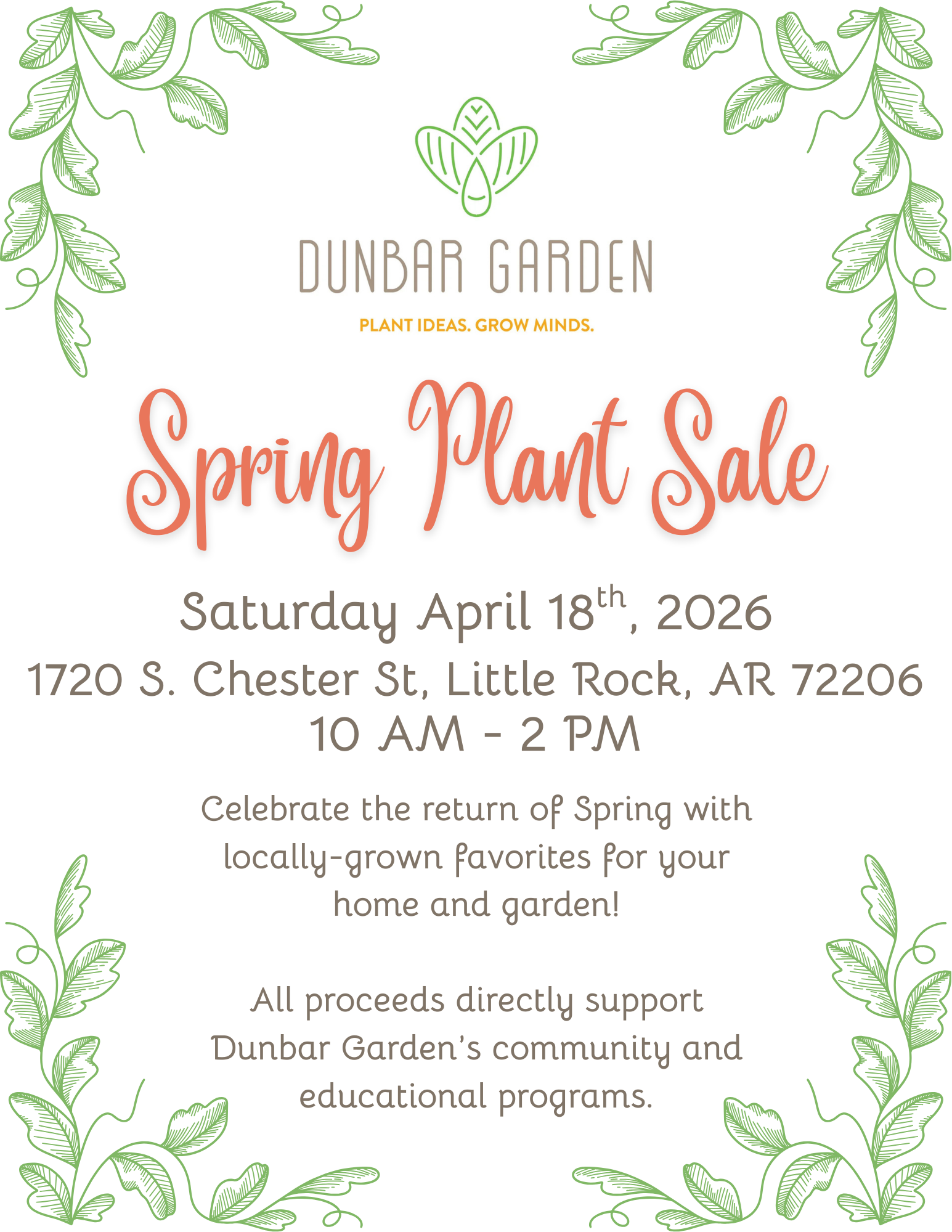 Join us at our Spring Plant Sale on Saturday, April 18th 2026. Browse a beautiful selection of garden and house plants grown right here at Dunbar Garden. Bring a friend, enjoy the garden, and celebrate the return of spring with us!
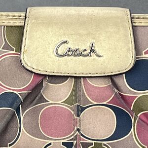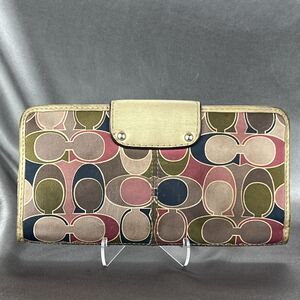 Vintage Coach Metallic Gold Pink Olive Blue Monogram Leather Wallet Credit Card Canvas Bifold Y2K
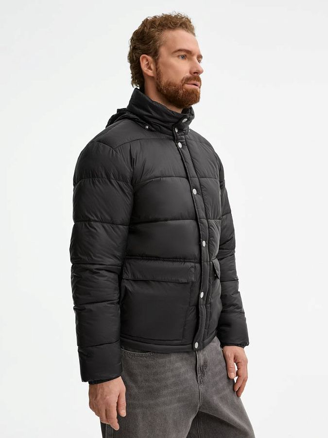 - Утепленные накладные карманы: два на кнопках с вертикальным входом и два с боковым — итого 4 кармана
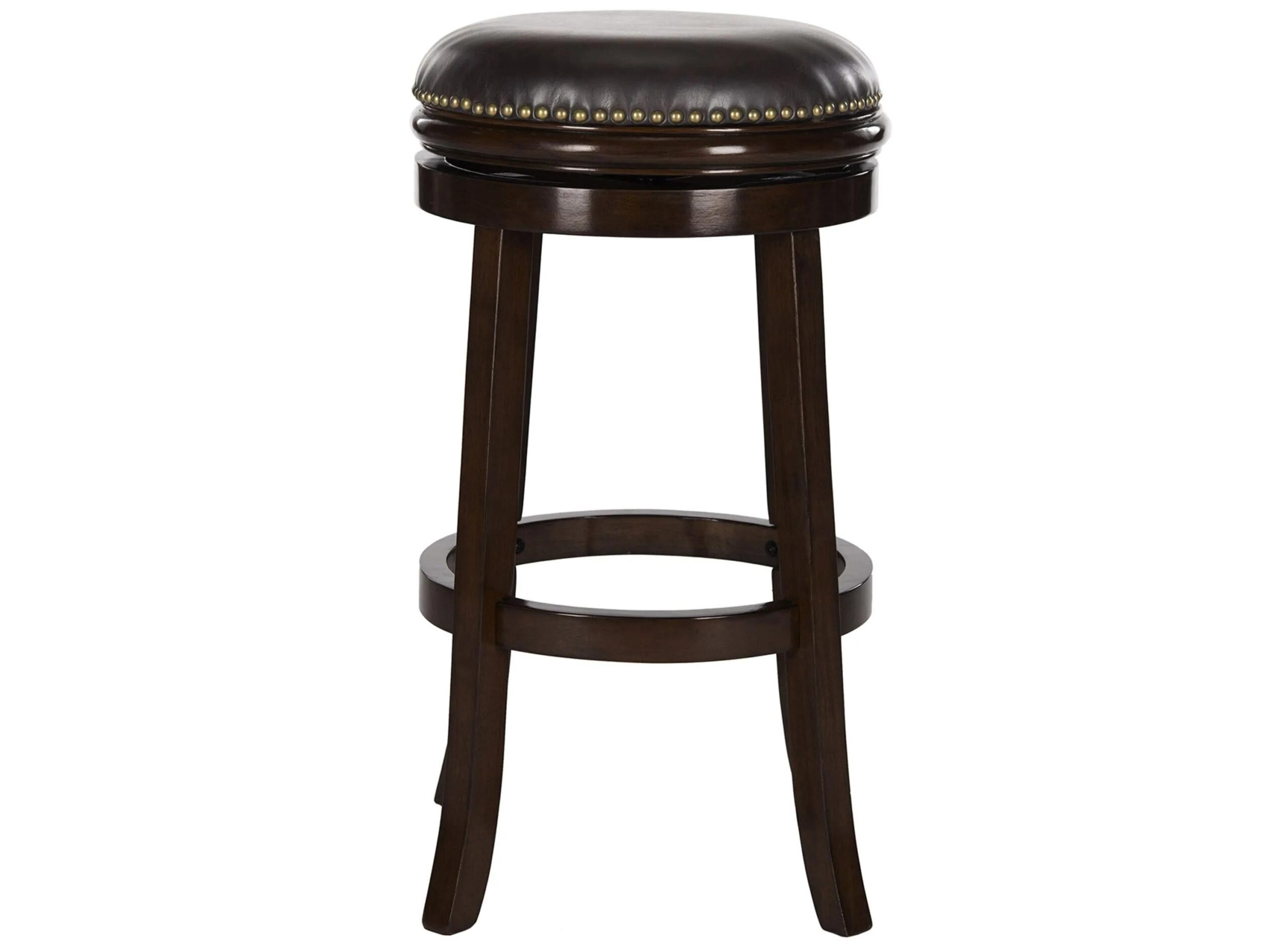 A transitional update of the classic British pub stool, the backless Seneca Swivel Bar Stool is crafted of eco friendly hardwood in sierra brown finish with dark brown PU leather and bronze nailhead trim.

= = = = = = =

● Problem details
Each line from the line containing "Vintage Coach Metallic" through the last line above must be written out exactly, and every picture must be omitted.

● Written response
 Vintage Coach Metallic Gold Pink Olive Blue Monogram Leather Wallet Credit Card Canvas Bifold Y2K
 - Утепленные накладные карманы: два на кнопках с вертикальным входом и два с боковым — итого 4 кармана
 A transitional update of the classic British pub stool, the backless Seneca Swivel Bar Stool is crafted of eco friendly hardwood in sierra brown finish with dark brown PU leather and bronze nailhead trim.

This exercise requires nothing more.